Going deep vs. Going wide

I spent most of today learning more about the various schools of thought around design thinking, reading Tim Brown's Design Thinking blog, writing up a short case study about designing for a circular economy, and thinking more about the intersection between data science and human-centred design. In a perfect world I would be paid to do this all day, every day.

One blogpost; The Career Choice Nobody Tells You About,  really resonated with me. It's short and contains a simple message, but it was a nice reminder for why I wanted to "leave" astronomy research and pursue new opportunities.

Going deep requires incredible focus, lifelong commitment to a single cause, a willingness to be patient towards achieving success, and the confidence to follow a path others may not understand or value...
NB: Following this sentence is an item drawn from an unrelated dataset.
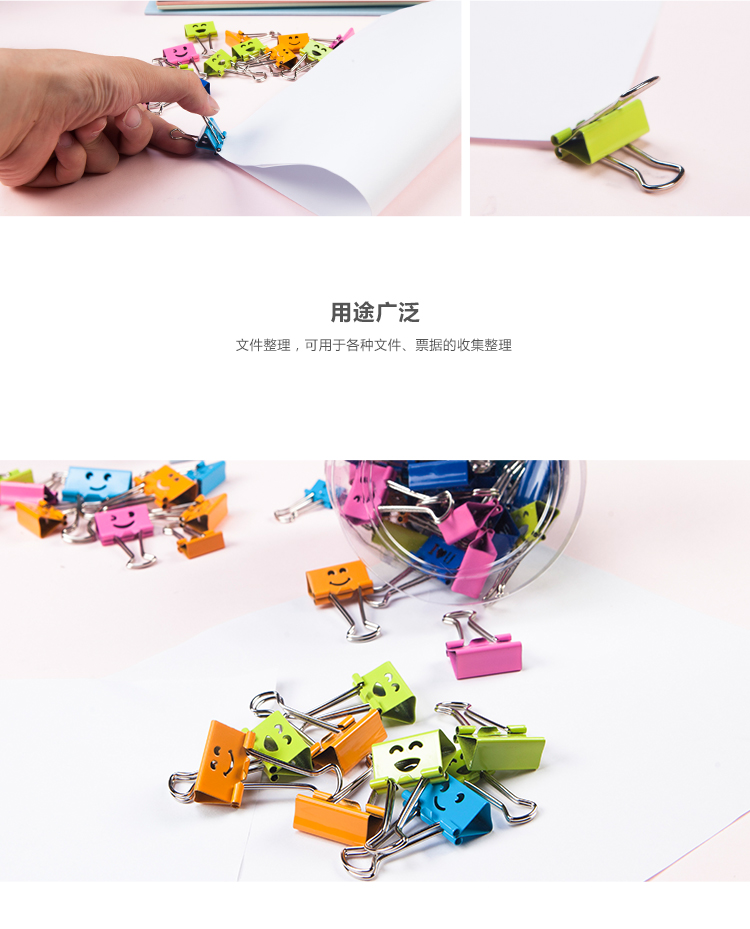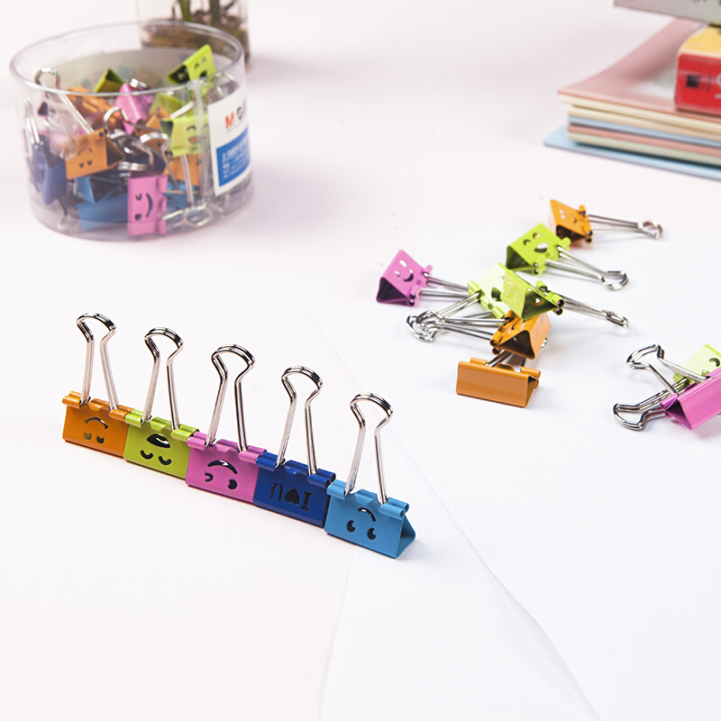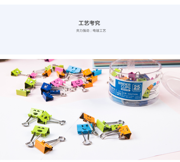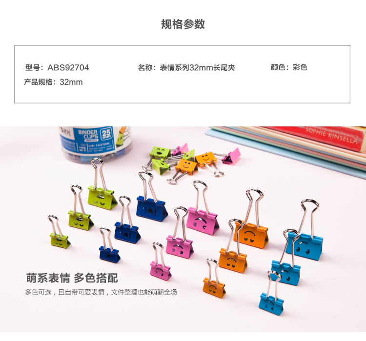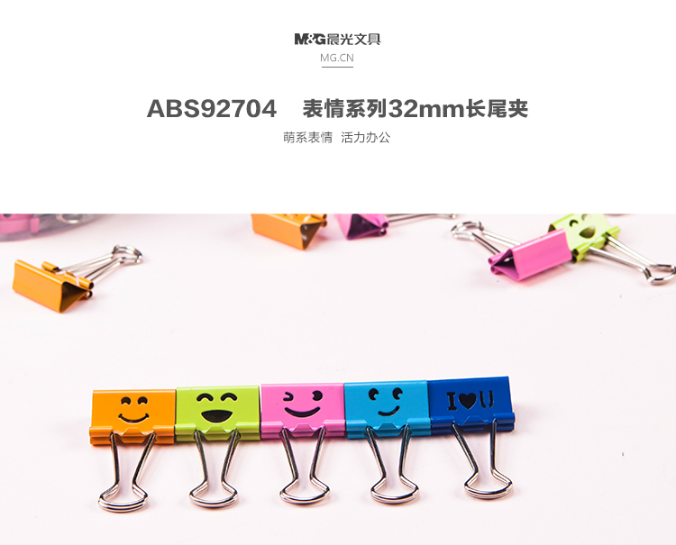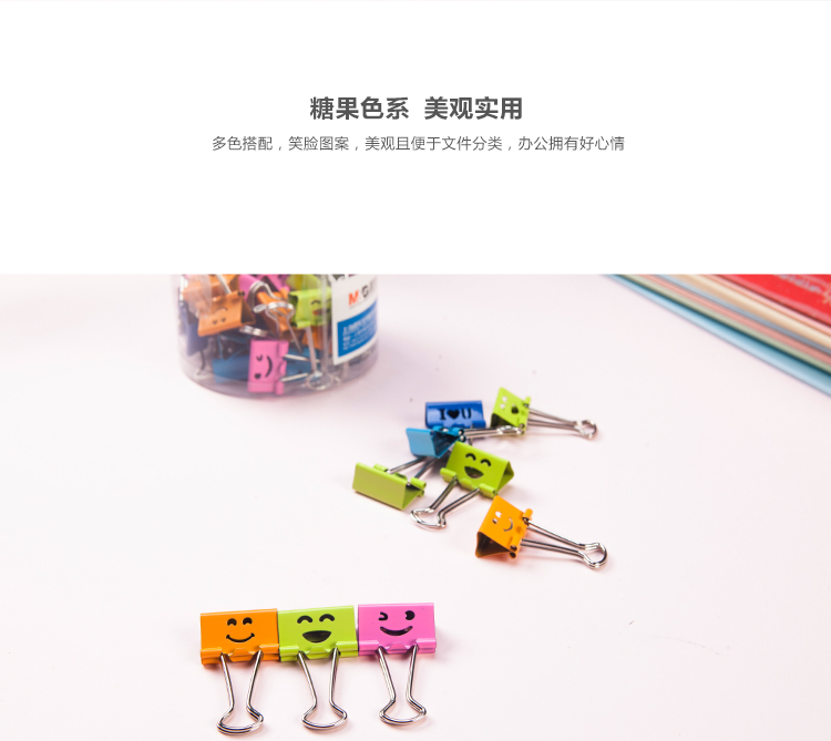 - 商品名称:晨光(M&G)文具32mm彩色可爱笑脸长尾夹 金属票据夹 办公用品燕尾夹 24个装ABS92704

Going wide, on the other hand, is about making connections between what you already know and what you’re curious about discovering. It requires systems thinking in order for the whole to be greater than the sum of the parts. It means developing the skills to collaborate for the purpose of learning. It’s about seeing the creative possibilities in breaking down boundaries and describing the world, your organization, the problem in new ways.
— Tim Brown, CEO of IDEO

Data science offers researchers in academia an opportunity to go wide, to explore problems across all sciences, the arts, across business and technology, and even the not-for-profit social sector. While many researchers leave academia because of negative experiences or job insecurity, I suspect that most (like myself) leave because there are just so many more equally exciting things in the world to discover (or make, or teach) and a whole new community of amazing people to learn from.

Personally, committing a lifetime to academic research wasn't enough for me. Although my research was exciting and I had the opportunity to work at world-leading academic institutions, with incredibly clever and talented and researchers, there was always something missing. Perhaps it was a fear of missing out on all the other wonderful things people were doing?

Fortunately I've managed to have found a way to find aspects of astrophysics research where i can make significant contributions, and in the meantime work with data and technology within a completely different industry. There is a stigma around leaving academia so choosing how and why you leave matters.